ASSIGNMENT = Show all lines below holding the string "glass".
+++ THE DATA +++
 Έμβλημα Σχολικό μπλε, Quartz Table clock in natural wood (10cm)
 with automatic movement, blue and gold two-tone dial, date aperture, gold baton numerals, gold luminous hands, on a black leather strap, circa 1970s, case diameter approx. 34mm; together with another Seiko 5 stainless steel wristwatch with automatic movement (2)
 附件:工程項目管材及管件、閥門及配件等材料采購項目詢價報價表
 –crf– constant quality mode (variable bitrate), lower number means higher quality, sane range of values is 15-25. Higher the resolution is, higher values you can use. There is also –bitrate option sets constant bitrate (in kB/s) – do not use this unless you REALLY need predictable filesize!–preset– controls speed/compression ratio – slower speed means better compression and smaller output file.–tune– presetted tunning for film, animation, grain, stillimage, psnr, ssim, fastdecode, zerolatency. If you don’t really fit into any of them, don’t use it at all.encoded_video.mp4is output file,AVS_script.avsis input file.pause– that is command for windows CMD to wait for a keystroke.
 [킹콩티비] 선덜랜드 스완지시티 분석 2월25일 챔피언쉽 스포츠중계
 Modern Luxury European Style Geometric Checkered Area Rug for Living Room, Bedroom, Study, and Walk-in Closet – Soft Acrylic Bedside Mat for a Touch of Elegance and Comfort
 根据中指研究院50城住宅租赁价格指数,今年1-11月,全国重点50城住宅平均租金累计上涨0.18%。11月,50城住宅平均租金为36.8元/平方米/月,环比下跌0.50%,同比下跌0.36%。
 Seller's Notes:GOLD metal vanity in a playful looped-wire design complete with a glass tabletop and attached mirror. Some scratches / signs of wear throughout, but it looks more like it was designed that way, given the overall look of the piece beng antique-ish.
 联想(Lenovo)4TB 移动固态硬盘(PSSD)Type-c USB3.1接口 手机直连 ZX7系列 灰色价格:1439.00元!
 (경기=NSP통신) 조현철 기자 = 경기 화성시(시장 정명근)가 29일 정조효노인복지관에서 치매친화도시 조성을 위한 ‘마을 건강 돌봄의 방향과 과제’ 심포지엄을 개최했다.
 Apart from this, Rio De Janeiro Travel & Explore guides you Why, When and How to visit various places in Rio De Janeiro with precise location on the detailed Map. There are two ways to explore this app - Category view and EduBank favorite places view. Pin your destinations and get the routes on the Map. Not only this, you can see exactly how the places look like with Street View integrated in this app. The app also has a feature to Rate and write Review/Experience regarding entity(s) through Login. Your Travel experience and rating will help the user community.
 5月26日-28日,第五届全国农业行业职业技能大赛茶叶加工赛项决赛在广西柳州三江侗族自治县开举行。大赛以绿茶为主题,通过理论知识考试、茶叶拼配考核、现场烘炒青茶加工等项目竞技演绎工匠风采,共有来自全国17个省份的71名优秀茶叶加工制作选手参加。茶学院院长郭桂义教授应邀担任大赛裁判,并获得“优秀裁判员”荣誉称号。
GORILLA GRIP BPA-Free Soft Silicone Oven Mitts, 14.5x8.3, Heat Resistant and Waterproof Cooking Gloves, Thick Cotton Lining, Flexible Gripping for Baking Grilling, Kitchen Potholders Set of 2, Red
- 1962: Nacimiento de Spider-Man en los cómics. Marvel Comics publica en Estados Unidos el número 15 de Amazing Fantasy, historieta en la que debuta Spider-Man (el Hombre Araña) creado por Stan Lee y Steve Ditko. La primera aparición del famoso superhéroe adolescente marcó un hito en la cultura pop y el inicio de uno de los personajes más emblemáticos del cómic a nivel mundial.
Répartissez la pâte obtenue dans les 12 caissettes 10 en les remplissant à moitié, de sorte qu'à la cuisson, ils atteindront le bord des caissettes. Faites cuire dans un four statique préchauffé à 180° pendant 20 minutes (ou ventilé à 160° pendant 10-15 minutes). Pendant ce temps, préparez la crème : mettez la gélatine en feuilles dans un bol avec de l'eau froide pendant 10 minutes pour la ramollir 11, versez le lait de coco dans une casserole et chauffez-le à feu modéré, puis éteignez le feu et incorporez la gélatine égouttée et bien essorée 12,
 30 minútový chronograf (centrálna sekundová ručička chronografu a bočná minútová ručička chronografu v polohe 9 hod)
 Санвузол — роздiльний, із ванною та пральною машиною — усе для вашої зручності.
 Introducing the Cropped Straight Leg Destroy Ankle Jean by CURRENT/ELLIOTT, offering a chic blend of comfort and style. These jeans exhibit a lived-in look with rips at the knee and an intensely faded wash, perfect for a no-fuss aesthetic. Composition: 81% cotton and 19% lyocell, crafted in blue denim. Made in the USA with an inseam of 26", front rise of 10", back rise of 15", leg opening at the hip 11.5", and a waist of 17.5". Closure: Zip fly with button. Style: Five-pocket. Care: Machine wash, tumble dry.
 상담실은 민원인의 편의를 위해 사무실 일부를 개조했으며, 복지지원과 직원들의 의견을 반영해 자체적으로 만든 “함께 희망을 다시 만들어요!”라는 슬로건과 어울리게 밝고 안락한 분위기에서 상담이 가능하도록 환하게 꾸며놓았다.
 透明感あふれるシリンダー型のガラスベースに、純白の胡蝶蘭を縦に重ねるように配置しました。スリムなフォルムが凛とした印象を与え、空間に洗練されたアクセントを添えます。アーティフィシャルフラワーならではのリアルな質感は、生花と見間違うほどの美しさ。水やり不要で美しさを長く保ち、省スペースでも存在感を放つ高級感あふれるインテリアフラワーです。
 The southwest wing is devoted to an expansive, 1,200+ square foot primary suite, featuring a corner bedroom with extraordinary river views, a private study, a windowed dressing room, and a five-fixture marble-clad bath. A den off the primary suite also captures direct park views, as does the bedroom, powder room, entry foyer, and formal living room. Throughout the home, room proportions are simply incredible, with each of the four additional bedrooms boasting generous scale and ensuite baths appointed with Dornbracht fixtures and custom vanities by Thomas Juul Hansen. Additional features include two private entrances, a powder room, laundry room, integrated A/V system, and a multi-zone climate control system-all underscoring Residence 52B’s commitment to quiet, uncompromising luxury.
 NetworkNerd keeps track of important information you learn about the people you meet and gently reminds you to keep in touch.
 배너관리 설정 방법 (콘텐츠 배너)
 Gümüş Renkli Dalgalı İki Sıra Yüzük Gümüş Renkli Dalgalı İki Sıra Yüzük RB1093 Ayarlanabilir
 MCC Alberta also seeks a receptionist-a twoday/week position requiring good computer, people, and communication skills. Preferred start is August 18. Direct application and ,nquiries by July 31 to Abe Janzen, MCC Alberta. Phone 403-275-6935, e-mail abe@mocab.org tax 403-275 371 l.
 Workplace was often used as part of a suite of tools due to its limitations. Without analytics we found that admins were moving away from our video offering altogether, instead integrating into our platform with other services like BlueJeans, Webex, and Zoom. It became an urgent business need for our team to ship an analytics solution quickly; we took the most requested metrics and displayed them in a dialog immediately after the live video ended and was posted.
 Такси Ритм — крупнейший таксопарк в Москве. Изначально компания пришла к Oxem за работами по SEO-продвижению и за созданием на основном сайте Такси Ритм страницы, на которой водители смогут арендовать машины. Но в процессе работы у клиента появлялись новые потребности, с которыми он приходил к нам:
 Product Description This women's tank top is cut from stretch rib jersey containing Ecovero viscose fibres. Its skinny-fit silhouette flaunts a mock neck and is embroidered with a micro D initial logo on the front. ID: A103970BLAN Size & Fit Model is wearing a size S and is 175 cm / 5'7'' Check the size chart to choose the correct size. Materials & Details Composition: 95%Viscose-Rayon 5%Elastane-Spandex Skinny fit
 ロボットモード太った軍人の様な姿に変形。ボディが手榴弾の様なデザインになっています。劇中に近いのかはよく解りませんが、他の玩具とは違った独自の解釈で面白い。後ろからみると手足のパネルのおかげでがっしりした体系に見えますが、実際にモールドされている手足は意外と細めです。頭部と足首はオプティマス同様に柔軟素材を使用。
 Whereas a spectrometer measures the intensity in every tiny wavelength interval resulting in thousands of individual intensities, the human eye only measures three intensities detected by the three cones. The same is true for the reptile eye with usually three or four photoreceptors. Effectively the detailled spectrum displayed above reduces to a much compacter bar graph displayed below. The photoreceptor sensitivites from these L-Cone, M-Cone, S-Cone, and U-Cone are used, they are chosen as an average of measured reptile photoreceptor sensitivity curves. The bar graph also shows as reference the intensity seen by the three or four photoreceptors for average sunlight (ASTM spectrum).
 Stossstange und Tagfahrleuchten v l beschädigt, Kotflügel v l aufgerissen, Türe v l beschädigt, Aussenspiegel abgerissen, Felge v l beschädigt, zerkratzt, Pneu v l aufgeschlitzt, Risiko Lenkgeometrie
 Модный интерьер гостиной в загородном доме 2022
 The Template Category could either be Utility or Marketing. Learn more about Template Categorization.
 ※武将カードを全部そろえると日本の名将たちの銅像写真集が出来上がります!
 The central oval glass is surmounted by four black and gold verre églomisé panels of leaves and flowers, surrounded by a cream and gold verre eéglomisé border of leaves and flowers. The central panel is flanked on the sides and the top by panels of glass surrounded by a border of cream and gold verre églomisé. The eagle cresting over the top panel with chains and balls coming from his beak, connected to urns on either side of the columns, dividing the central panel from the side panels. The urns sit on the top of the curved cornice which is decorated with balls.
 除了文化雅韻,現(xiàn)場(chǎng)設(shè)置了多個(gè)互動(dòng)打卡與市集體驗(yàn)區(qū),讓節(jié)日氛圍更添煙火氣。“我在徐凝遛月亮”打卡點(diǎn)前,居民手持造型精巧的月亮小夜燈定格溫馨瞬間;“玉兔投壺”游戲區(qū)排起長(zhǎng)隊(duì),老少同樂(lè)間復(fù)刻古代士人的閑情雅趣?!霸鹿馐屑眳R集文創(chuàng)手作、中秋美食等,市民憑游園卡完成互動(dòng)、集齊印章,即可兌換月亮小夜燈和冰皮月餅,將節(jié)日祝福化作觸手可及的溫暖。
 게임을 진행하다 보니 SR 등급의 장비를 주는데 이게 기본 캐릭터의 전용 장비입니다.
+++
OUTPUT FOR THIS TASK =
 Seller's Notes:GOLD metal vanity in a playful looped-wire design complete with a glass tabletop and attached mirror. Some scratches / signs of wear throughout, but it looks more like it was designed that way, given the overall look of the piece beng antique-ish.
 The central oval glass is surmounted by four black and gold verre églomisé panels of leaves and flowers, surrounded by a cream and gold verre eéglomisé border of leaves and flowers. The central panel is flanked on the sides and the top by panels of glass surrounded by a border of cream and gold verre églomisé. The eagle cresting over the top panel with chains and balls coming from his beak, connected to urns on either side of the columns, dividing the central panel from the side panels. The urns sit on the top of the curved cornice which is decorated with balls.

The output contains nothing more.